As part of the implementation of a custom designed TCP/IP protocol stack to support our new NanoProbe™ technology, I designed a simple, straightforward, and robust solution to protect the stack from spoofed-IP Denial of Service SYN flood attacks.

Immediately after I posted the second part of this work to the web, several participants in the news groups at grc.com reported that similar work had been done before. I was unaware of previous work in this area, and consequently developed my solution independently and without the benefit of any previous work. However, since I have absolutely no intention or desire to assume credit for innovation which is not due, I feel it is important for previous work to be acknowledged and credited to its originators.

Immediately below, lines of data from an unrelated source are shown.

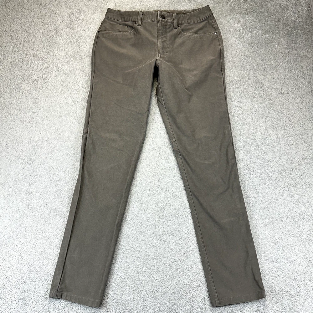 Product Line: ABC Pant Fabric Type: Canvas Handmade: No Features: Stretch Occasion: Business, Casual, Workwear Style: Chino Size: 31 Theme: City, College, Hipster, Logo, Preppy Personalize: No Material: Cotton, Elastolefin, Polyester Waist Size: 32 in Closure: Button, Zip Vintage: No Type: Pants Color: Gray Pattern: Solid Pocket Type: 5-Pocket Design Department: Men Fit: Slim Rise: Mid (10-12 in) Size Type: Regular Accents: Five Pocket Design Brand: Lululemon Garment Care: Machine Washable Season: Fall, Spring, Summer, Winter Leg Style: Straight Inseam: 30 in Front Type: Flat Front
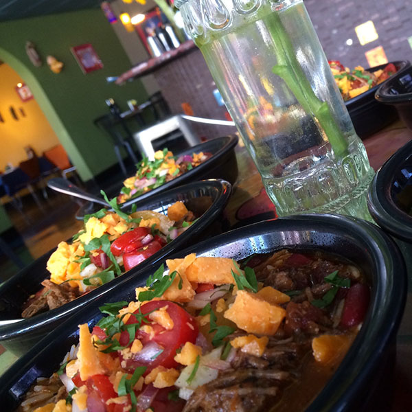 We marinate short ribs overnight in a hatch chilie and peach brine, and then slow roast them for 4 hours. We then lay three tender ribs on a bead of Rice Pilaf filled with chilies and peaches. The special is also served with a Wild Spring Mix tossed in a Peach Vinaigrette. Lastly, we accompany the main entrée with a Hatch Chile Grit cake that is covered with a warm Peach and Bacon salsa. $8.99
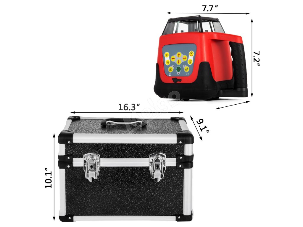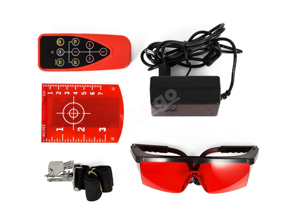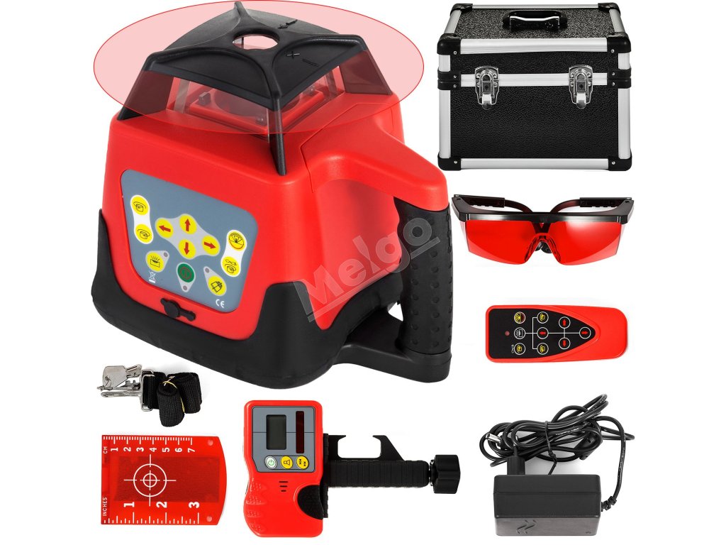 Otočný samonivelačný červený laser, prijímač, diaľkové ovládanie, kufrík
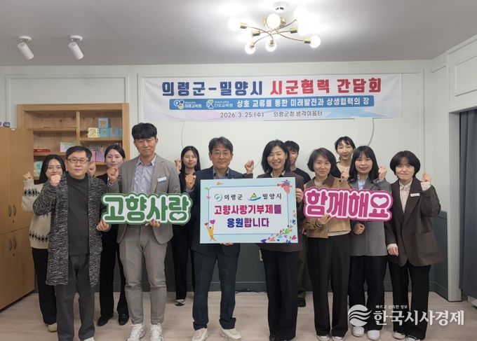 한국시사경제 윤광희 기자 | 의령군은 25일 군청에서 밀양시와 시군협력 간담회를 열고 미래교육 분야 협력과 상생발전 방안을 논의했다고 밝혔다.
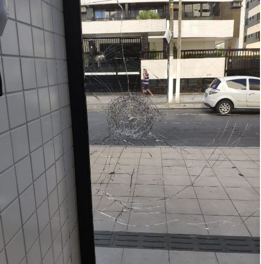 Segundo os moradores, o suspeito já quebrou três vezes os vidros da portaria do condomínio, a pedradas. A ação foi filmada por câmeras de segurança

Anyone able to provide additional specific information relating to similar techniques for managing Denial of Service attacks, is encouraged to send a note to me, care of my company, Gibson Research Corporation, at . I would very much appreciate having any specific details which may be available about any other solutions or systems that have been designed or created, and I will immediately incorporate a disclosure, analysis, and comparison of them here.

Linux "SYN Cookies"

After tracking down every one of the "this has all been done before" leads, I found that they all converged on one place: During September and October of 1996 two researchers, Dan Bernstein and Eric Schenk, proposed and worked out the specific implementation details for a system which is known today as "SYN Cookies". Shortly afterward, Eric added the SYN Cookie code to Linux where it survives, and can optionally be enabled, to this day.

As you can see from Dan's page — which clearly describes the operation and formulation of their Cookies — the Berntstein/Schenk SYN Cookies are quite different and therefore have different characteristics from my "Encrypted Token" solution. However, both systems share the common concept which I called "deferred connection management", and both systems succeed in enforcing Client source IP authentication.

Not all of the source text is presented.